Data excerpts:

Content starts

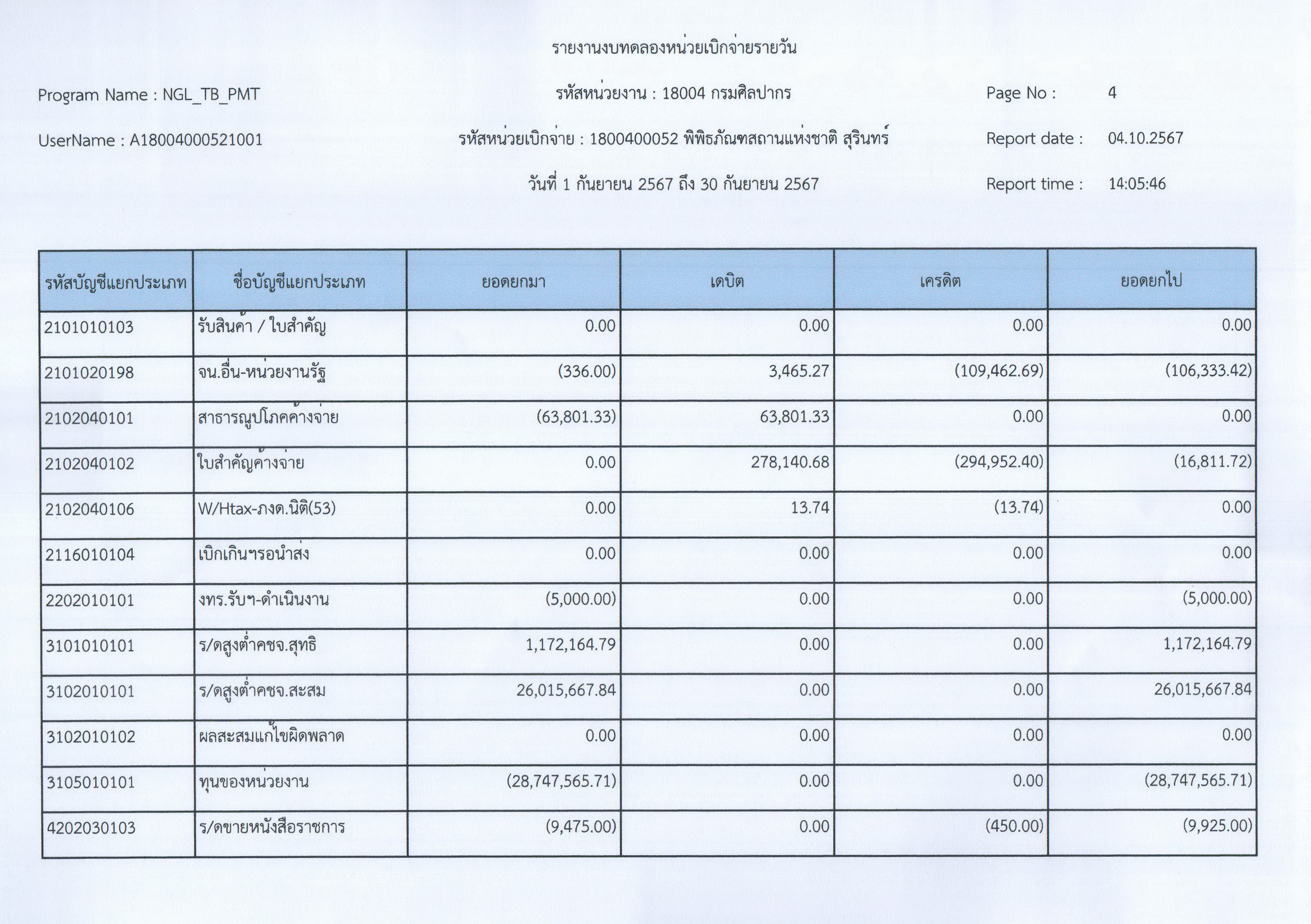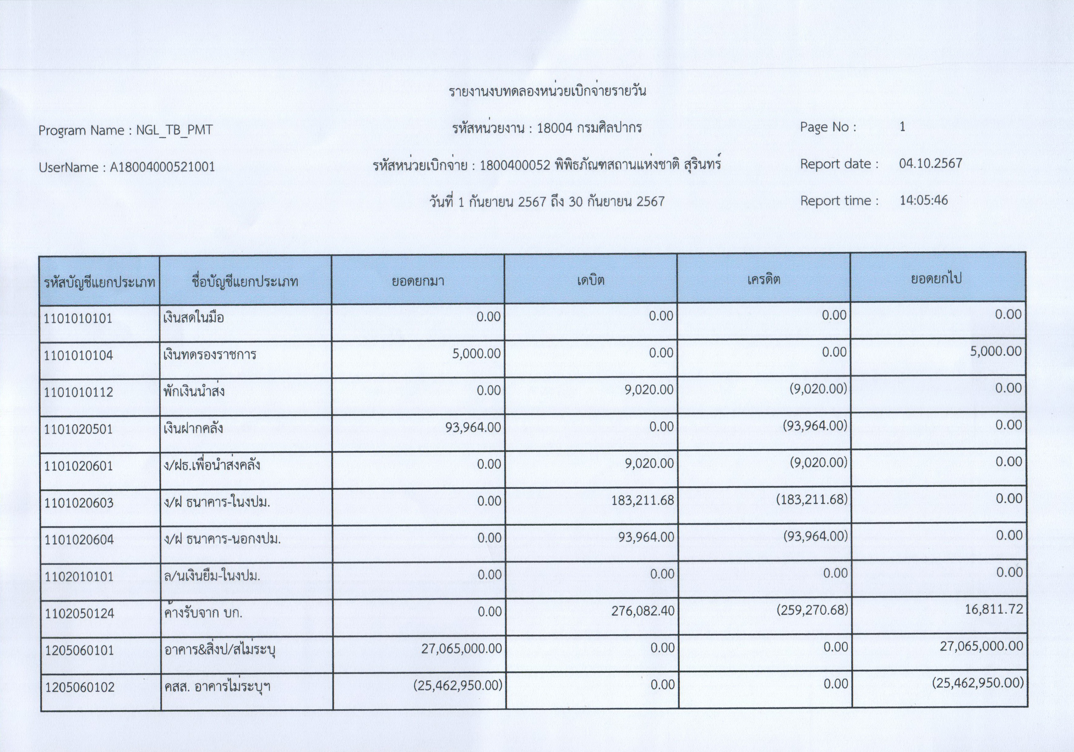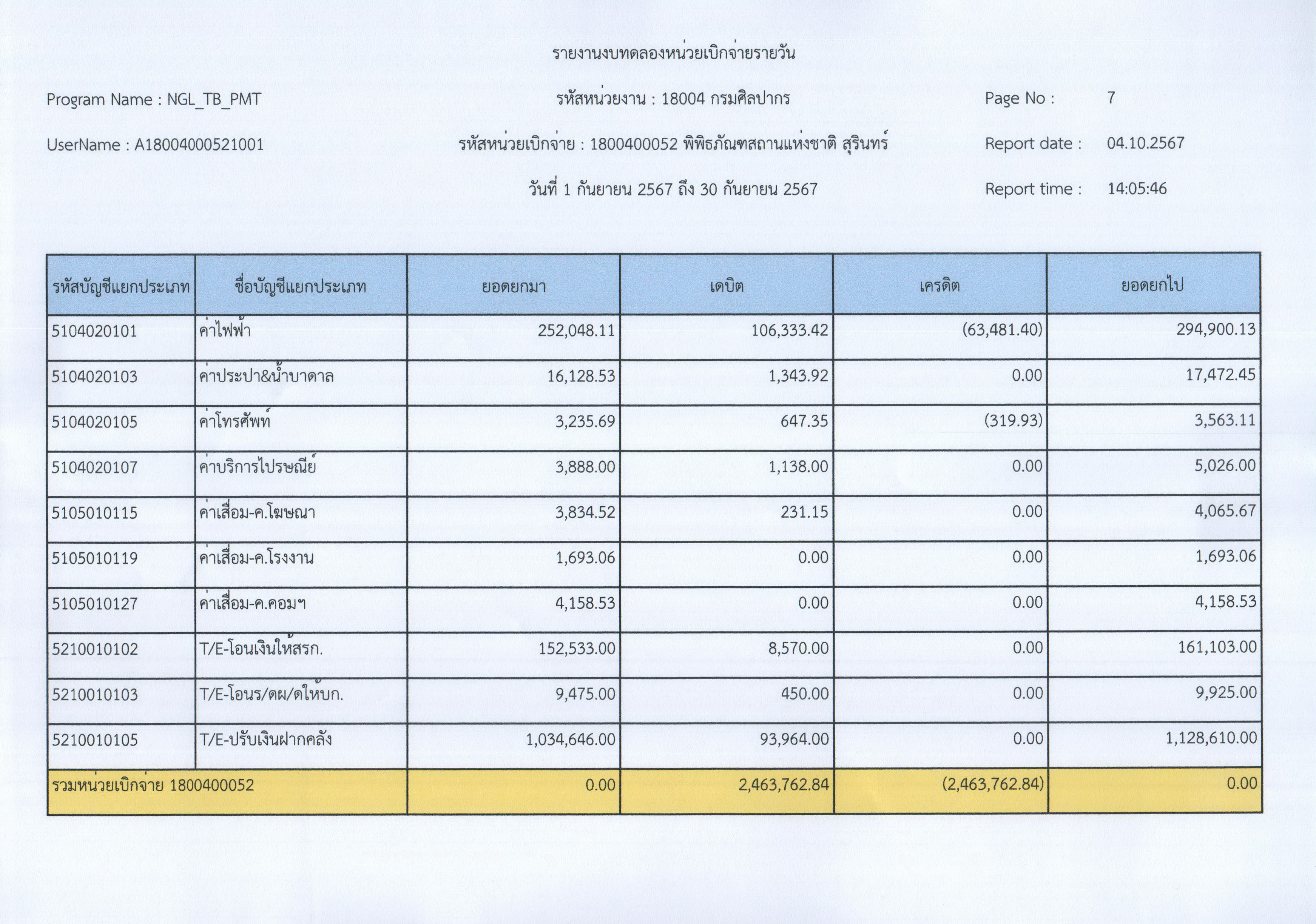 รายงานงบทดลองประจำเดือนกันยายน ๒๕๖๗
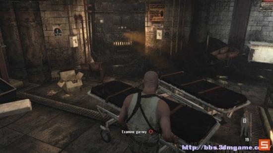 在焚化炉的第一个剧情过后,检查前面的带轮病床
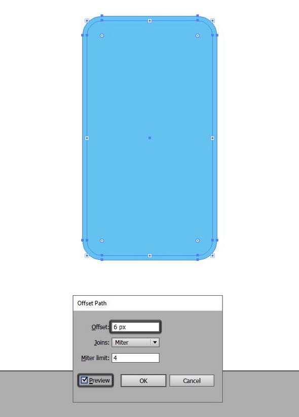 Создадим для этой фигуры контур. Для этого выделим ее и затем применим Object > Path > Offset Path / Объект > Контур > Создать параллельный контур и зададим 6 px в поле Offset / Смещение.
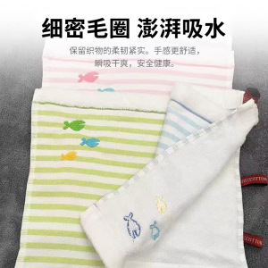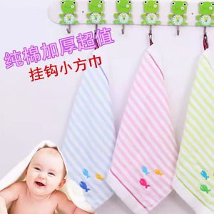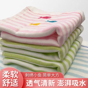 日系横条绣花棉小方巾幼儿园学校洗脸擦手四方毛巾小鱼刺绣口水巾
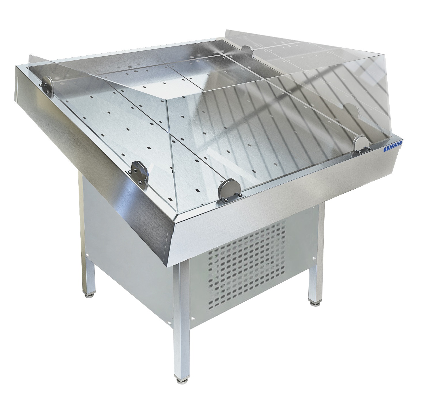 Особенности Фартук с 3-х сторон. Стекло с 3-х сторон. Ванна из нержавеющей стали марки AISI 304 толщиной 1,0 мм. Панели обшивки из нержавеющей стали марки AISI 430 толщиной 0,8мм. Сливные трубки диаметром 20 мм 2шт. Внутри ванны перфорированный поддон из нержавеющей стали марки AISI 430 толщиной 0,8мм для аккумулирования холода. Подставка сварная из трубы 40х40 нержавеющей стали марки AISI 304. Регулируемые опоры. Агрегат Danfoss, мощность 550 Вт. Стол поставляется в собранном виде. Описание Стол для выкладки рыбы на льду с агрегатом. Витрины для рыбы на льду предназначены для размещения, охлаждения и демонстрации свежей рыбы и других морепродуктов
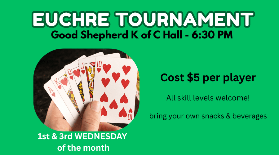Wednesday, January 21, Euchre Tournament in Knights Hall, 6:30 pm
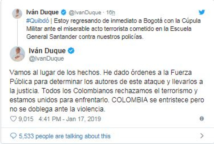 Претседателот на Колумбија Иван Дуке рече дека се враќа во Богота од западот на земјата, каде присуствувал на состанок за бебзедноста, а на безбедносните сили им наложи да ги пронајдат сторителите на нападот и да ги приведат пред лицето на правдата.
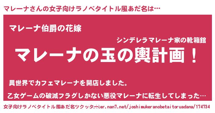 | 男性向けラノベタイトル風あだ名 | 『転生したらマレーナだった件』 |

Content ends

# [Your task]
Print again, exactly, the lines of the records above from the first line through the line with "Создадим для этой". No pictures.

# [Finished exercise]
 รายงานงบทดลองประจำเดือนกันยายน ๒๕๖๗
 在焚化炉的第一个剧情过后,检查前面的带轮病床
 Создадим для этой фигуры контур. Для этого выделим ее и затем применим Object > Path > Offset Path / Объект > Контур > Создать параллельный контур и зададим 6 px в поле Offset / Смещение.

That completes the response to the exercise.